Enteric-coated epichlorohydrin crosslinked dextran microspheres for site-specific delivery to colon.

作者信息

Rai Gopal, Yadav Awesh K, Jain Narendra K, Agrawal Govind P

机构信息

a Pharmaceutics Research Laboratory, Department of Pharmaceutical Sciences , Dr. Hari Singh Gour University , Sagar , India.

出版信息

Drug Dev Ind Pharm. 2015;41(12):2018-28. doi: 10.3109/03639045.2015.1044901. Epub 2015 May 26.

DOI:10.3109/03639045.2015.1044901
PMID:26006331
Abstract

Enteric-coated epichlorohydrin crosslinked dextran microspheres containing 5-Fluorouracil (5-FU) for colon drug delivery was prepared by emulsification-crosslinking method. The formulation variables studied includes different molecular weights of dextran, volume of crosslinking agent, stirring speed, time and temperature. Dextran microspheres showed mean entrapment efficiencies ranging between 77 and 87% and mean particle size ranging between 10 and 25 µm. About 90% of drug was released from uncoated dextran microspheres within 8 h, suggesting the fast release and indicated the drug loaded in uncoated microspheres, released before they reached colon. Enteric coating (Eudragit-S-100 and Eudragit-L-100) of dextran microspheres was performed by oil-in-oil solvent evaporation method.

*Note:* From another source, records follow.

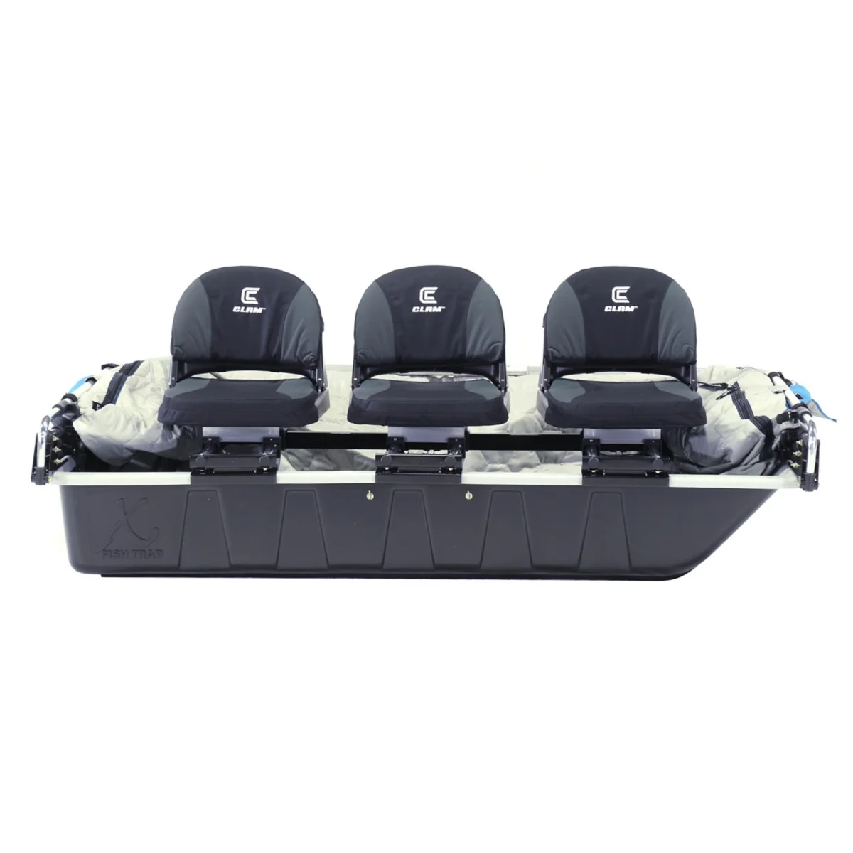 The Clam Fish Trap X Series X300 Pro Thermal XT Ice shelter is perfect to sit up to 3 anglers on the ice. This Clam X300 Pro Thermal XT Ice Shelter features an ultra-tough 1800 total denier fabric to withstand the toughest of winter weather conditions. The side doors offer easy entry and exit access without tripping over your gear or supplies while the grey-colored inner tube helps you more easily locate stored gear. The Clam X-Series offers quality poles and skins that are thick with the toughest of tubes. Plus, This Clam ice shelter has 40 square feet of fishable area to use for ample space for all 3 anglers. Enjoy a full day on the ice with this 3-seated Clam Fish Trap X Series X300 Pro Thermal XT Ice Shelter. Includes:
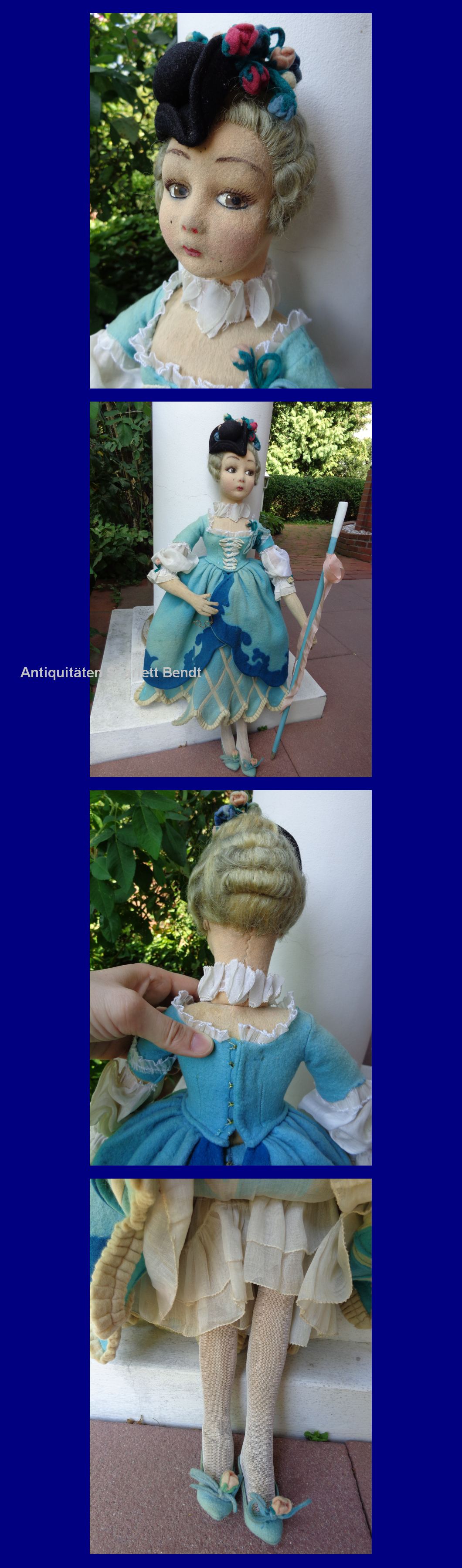 Altersbedingter, exzellenter Zustand, mit leichten Alters- und Gebrauchsspuren, bitte siehe Fotos. Der Puppenkopf wurde ausgeleuchtet, Kopf ohne Haar-Riss, ohne restaurierte Stellen. Lediglich leichter Perückenpull und zwei winzige (wenige Milimeter lange) Brandrisschen am Kopfkronenrand, diese sind herstellungsbedingt und daher nicht wertmindernd. Die antike Locken-Perücke ist gut erhalten mit leichten Altersspuren, sie ist nicht am Kopf festgeklebt, der Puppenkopf kann für den sicheren Versand ausgestopft werden. Der antike Puppenkörper ist gut erhalten, mit Altersspuren, es fehlen keine Finger. Die Gummis sind gut. Die Puppenkleidung ist gut erhalten, mit Altersspuren (stellenweise Flecken), ohne Gerüche, aus Nichtraucherhaushalt.
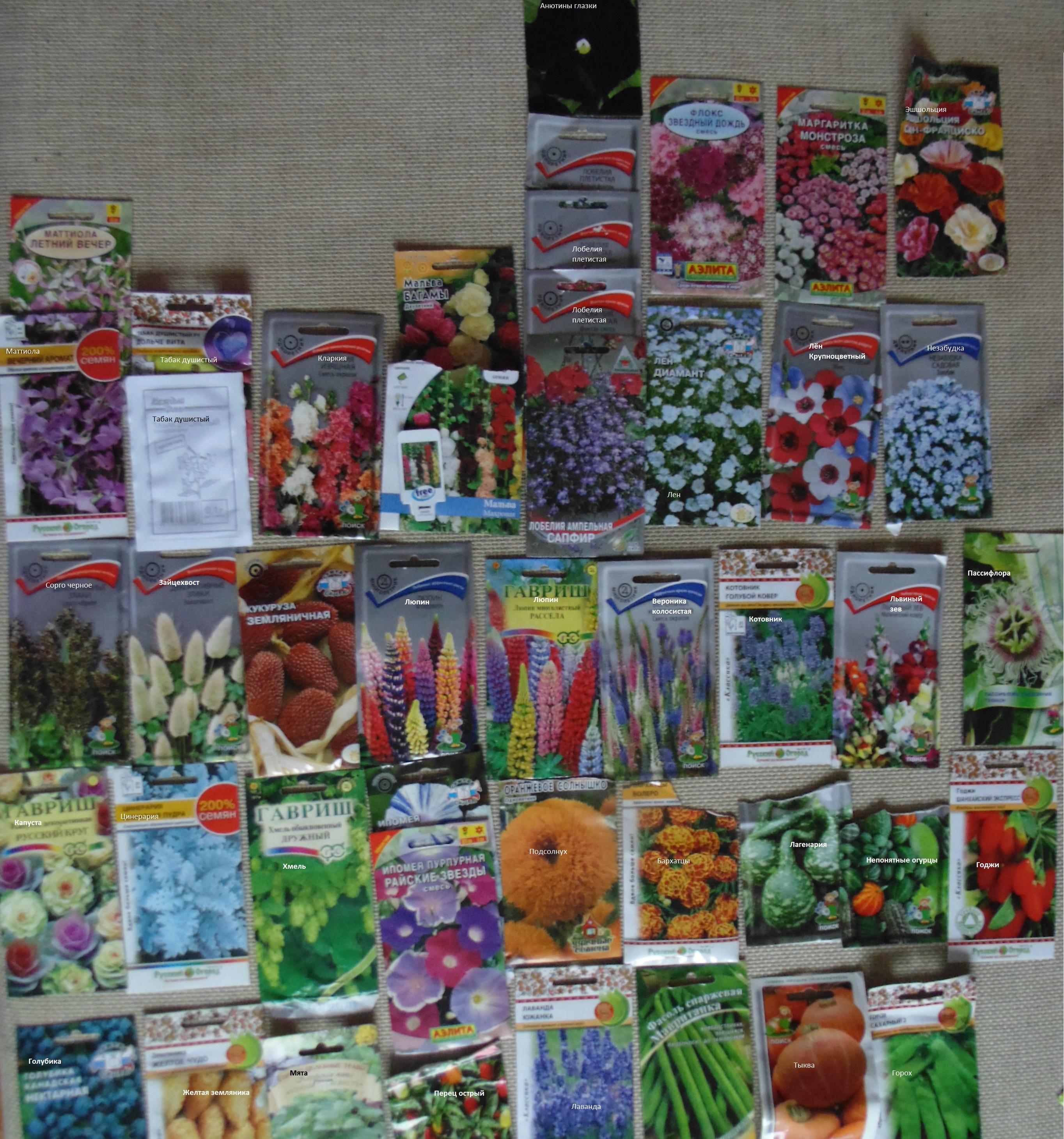 1. Маттиола 2. Душистый табак дорогие семена против дешевых 3. Кларкия 4. Мальва 5. Анютины глазки высажены на рассаду, взошло что-то непонятное 6. Лобелия ампельная и плетистая последней имеется смесь расцветок+алые и белые 7. Флоксы, похожие на гвоздику 8. Маргаритки 9. Эшшольция 10. Лен голубой и смесь расцветок крупноцветного 11. Голубые незабудки 12. Злаки Черное сорго и Зайцехвост. закину в дальний угол двора 13. Земляничная кукуруза в том году высадил в середине июля, до заморозков успела отцвести 14. Люпины разных цветов 15. Вероника колосистая 16. Котовник 17. Львиный зев смесь расцветок 18. Цинерария 19. Декоративная капуста 20. Хмель 21. Ипомея полосатая и смесь цветов 22. Декоративный подсолнух 23. бархатцы 24. Пассифлора 25. Лагенария то же что и с кукурузой 26. Непонятные огурцы из десяти взошло 8, сейчас в состоянии рассады 27. Годжи сдохнет, скорее всего 28. Голубика заебно проращивать, скорее всего не выйдет 29. Желтая земляника 30. Мята 31. Лаванда 32. Перец острый 33. Спаржевая фасоль 34. Скороспелые тыквы 35. Горох.
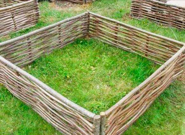 Прутья и лоза – оригинальный, дешевый материал. Сплетенные стенки высоких грядок привлекательно выглядят, а форму самой грядки можно сделать любую.
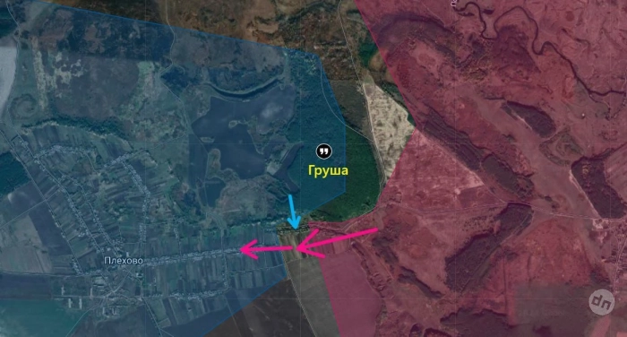 В районе Плехово по информации с мест. Наши зацепились буквально за несколько домов на восточной окраине, дальнейшее продвижение осложнено тем, что ВСУ сразу пытаются отрезать наших бойцов сверху, из леса (позиция Груша). Также по информации с мест, в этом лесу есть американские наёмники (предположительно из Блеквотер).
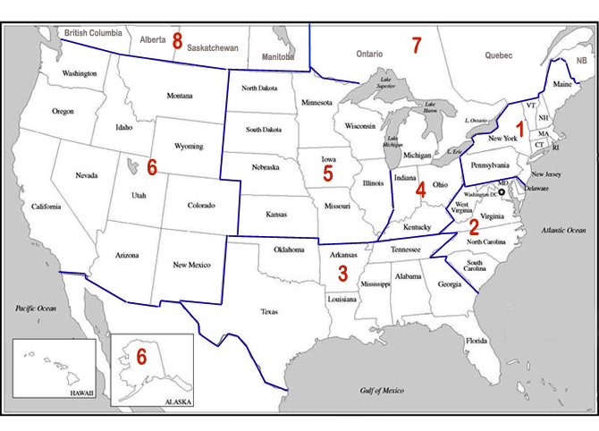 divide the U.S. and Canada into 8 regional organizations as shown on

The release study of 5-FU from coated dextran microspheres was complete retardation in simulated gastric fluid (pH 1.2) and once the coating layer of enteric polymer was dissolved at higher pH (7.4 and 6.8), a controlled release of the drug from the microspheres was observed. Further, the release of drug was found to be higher in the presence of dextranase and rat caecal contents, indicating the susceptibility of dextran microspheres to colonic enzymes. Organ distribution and pharmacokinetic study in albino rats was performed to establish the targeting potential of optimized formulation in the colon.

摘要

采用乳化交联法制备了含5-氟尿嘧啶(5-FU)的肠溶包衣环氧氯丙烷交联葡聚糖微球用于结肠给药。所研究的处方变量包括不同分子量的葡聚糖、交联剂体积、搅拌速度、时间和温度。葡聚糖微球的平均包封率在77%至87%之间,平均粒径在10至25μm之间。约90%的药物在8小时内从未包衣的葡聚糖微球中释放出来,表明释放速度快,且表明未包衣微球中负载的药物在到达结肠之前就已释放。通过油包油溶剂蒸发法对葡聚糖微球进行肠溶包衣(Eudragit-S-100和Eudragit-L-100)。5-FU从包衣葡聚糖微球中的释放研究表明,在模拟胃液(pH 1.2)中完全延迟释放,一旦肠溶聚合物包衣层在较高pH值(7.4和6.8)下溶解,就会观察到药物从微球中的控释。此外,发现葡聚糖酶和大鼠盲肠内容物存在时药物释放较高,表明葡聚糖微球对结肠酶敏感。对白化大鼠进行了器官分布和药代动力学研究,以确定优化制剂在结肠中的靶向潜力。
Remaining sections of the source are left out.